I followed him to the small vehicle. Contrary to my bad habit, I fastened my seat belt. I was in the presence of the forces of order after all!
After he had started the engine, he dialed a number. When his correspondent answered, they chatted for a few short minutes, and once he had hung up, he set off.
For a short lapse of time, we drove on a lane at the limit of the highway and the country lane. Then he stopped in front of a car.
Innocently I tell myself that he must have gone and alarmed him that he was badly parked.
I swallowed my saliva with difficulty.
Obviously not everyone had a good Samaritan soul like Donatello and his wife.
Take me one last time to see those places that silenced the din of my dark thoughts.
BASS! POLICEMAN OF MY BALLS! I yelled as Ivan and his men dragged me out of the car. I WILL NEVER BUY YOUR UGLY CALENDAR AGAIN!
On Ivan's usually impassive face I saw the hint of a smile.
I was still swearing at that traitor when the car hit the freeway.
"You're driving me to hell, I guess," I whispered, looking out the window.
No, the orders have changed.
How so? I asked, turning my bewildered face to him.
You escaped the Russian mafia for almost a week; the boss wants to meet the young girl who managed to play his men for so long.
I tried to understand his words, a succession of words that I no longer even expected, while the northern landscape scrolled through the tinted window.
Maybe miracles did happen after all?
When the car slowed down in front of a huge grid, I realized that I might have spoken too quickly.
Because when those metal monsters closed behind me, I knew I hadn't just regained my freedom but lost what little I had left.
We walked through the great post-habitation domain; it was a huge park dotted with trees and cut by the path on which we were driving. I had never seen anything so beautiful.
At least until I see the house itself.
In front of me stood a huge mansion painted white; the front, a small sunken space, had two large columns, which, it seemed, held up the entire dwelling.
I got out of the car and ran to the little fountain opposite the entrance to the little palace.
I stared at the sky blue water, and I smiled in the face of so much beauty. It reminded me of my family vacation; every year we went to the same luxurious hotel, and every evening I had to go and look at the reflection of the moon in the fountain in front of the hotel. It was a tradition in the Rosefield family to go to this hotel. But even the traditions could not resist the disappearance of my sister.
I never saw the reflection of the moon in this hot water again, but the memory of it is intact.
"Ready to discover your princess castle?" Ivan whispers to me before passing me.

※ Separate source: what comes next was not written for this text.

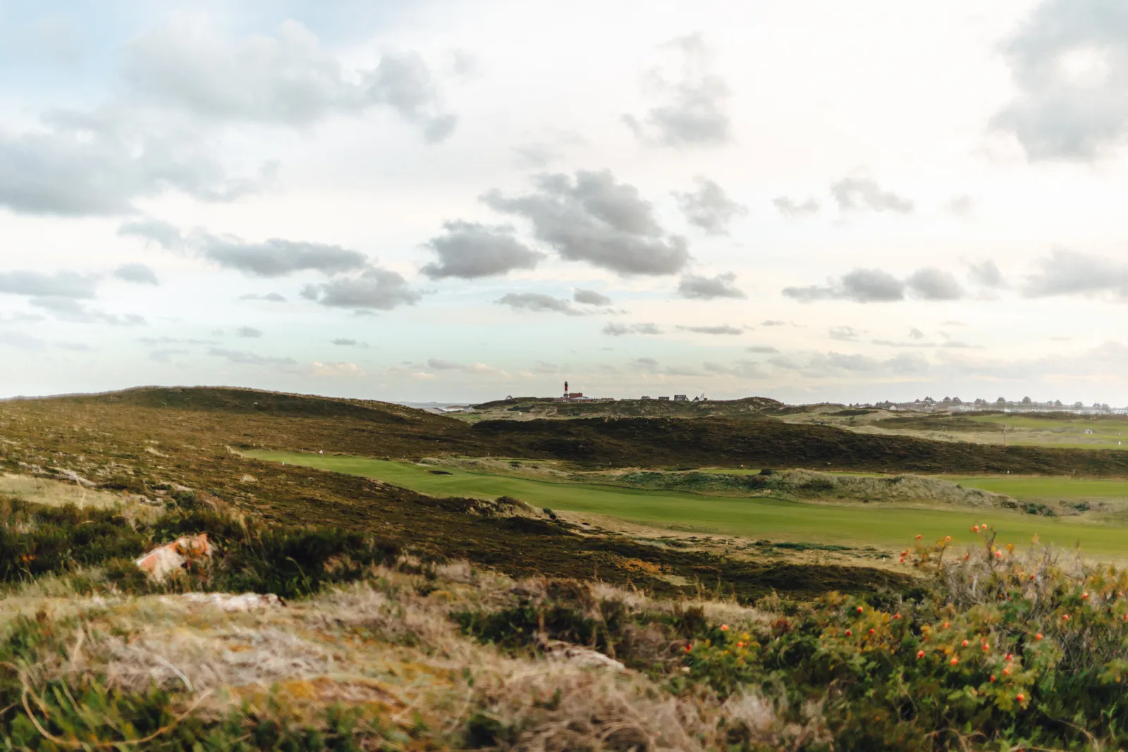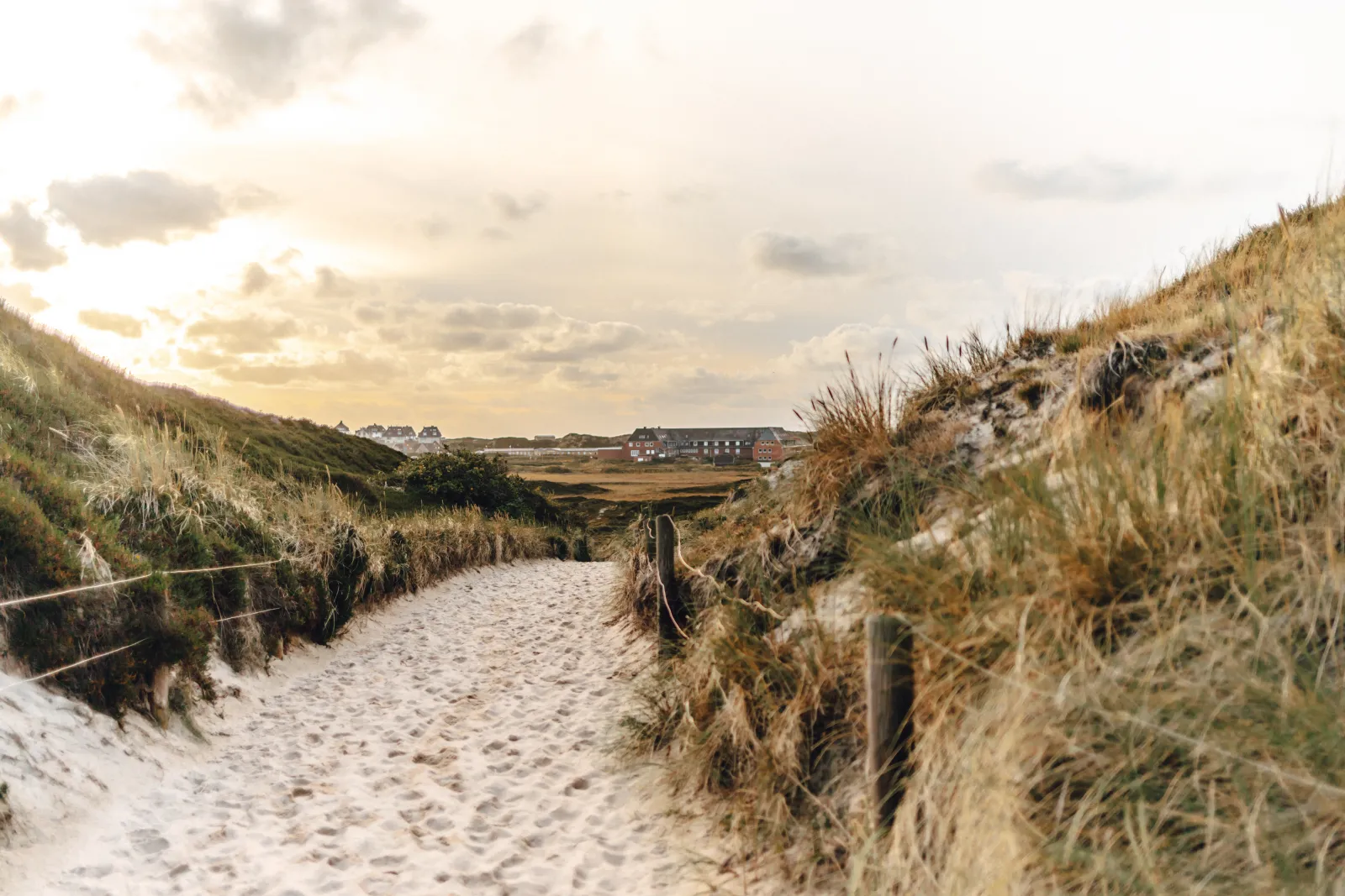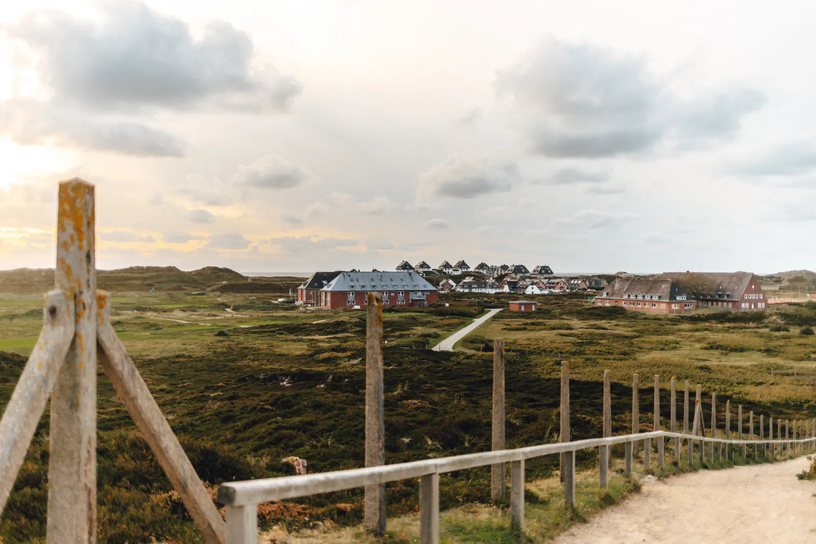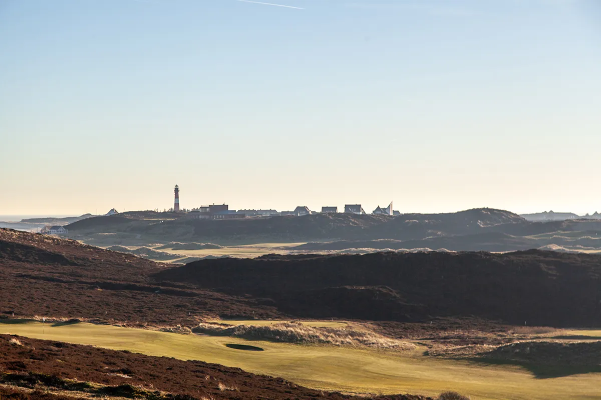 Folge dem Pfad an einem alten, rostigen Zaun entlang die Düne hinauf. Und siehe da: Die Aussicht ist einfach grandios. Vor dir breitet sich das Schleswig-Holsteinische Wattenmeer aus, während hinter dir die Hörnumer Skyline mit ihrem ikonischen Leuchtturm und der St. Thomas Kirche in die Höhe ragen. Links von dir schimmert die Nordsee zwischen den Reetdachhäusern hindurch. Glaub mir, dieser 360-Grad-Blick ist einfach zum Verlieben. Hinter dem Zaun erstreckt sich übrigens der Golfplatz vom Golfclub Budersand.

Suddenly I noticed the men guarding the entrance, those whom Ivan greeted, and my paradise fell into nothingness. I was not a princess; I was a prisoner. I was not facing a palace but facing hell, and inside I did not expect my prince but the devil himself.
It was now uneasy that I resumed my journey and followed in Ivan's footsteps.
The interior was in no way disappointing, quite the contrary. It was as sumptuous as the exterior.
Maids were running to the right and to the left like the ghosts of the place. Ivan didn't even seem to see them, nor them, nor the guards posted at the four corners of the house, and I wondered what it was like to be as invisible as useful.
It must be excruciating.
Suddenly one of the ghosts was called out to by my captor.
Olga, can you take our guest to the room reserved for her? She should wash, change, and make up before meeting him, don't you think?
The good lady nodded and asked me to follow her. She trotted along the way; even on the stairs I had the impression that she trotted like this.
Maybe it was a tic due to his demanding job? Or a remnant of a child who couldn't stay still?
She stopped in front of a huge double door and waved me in first.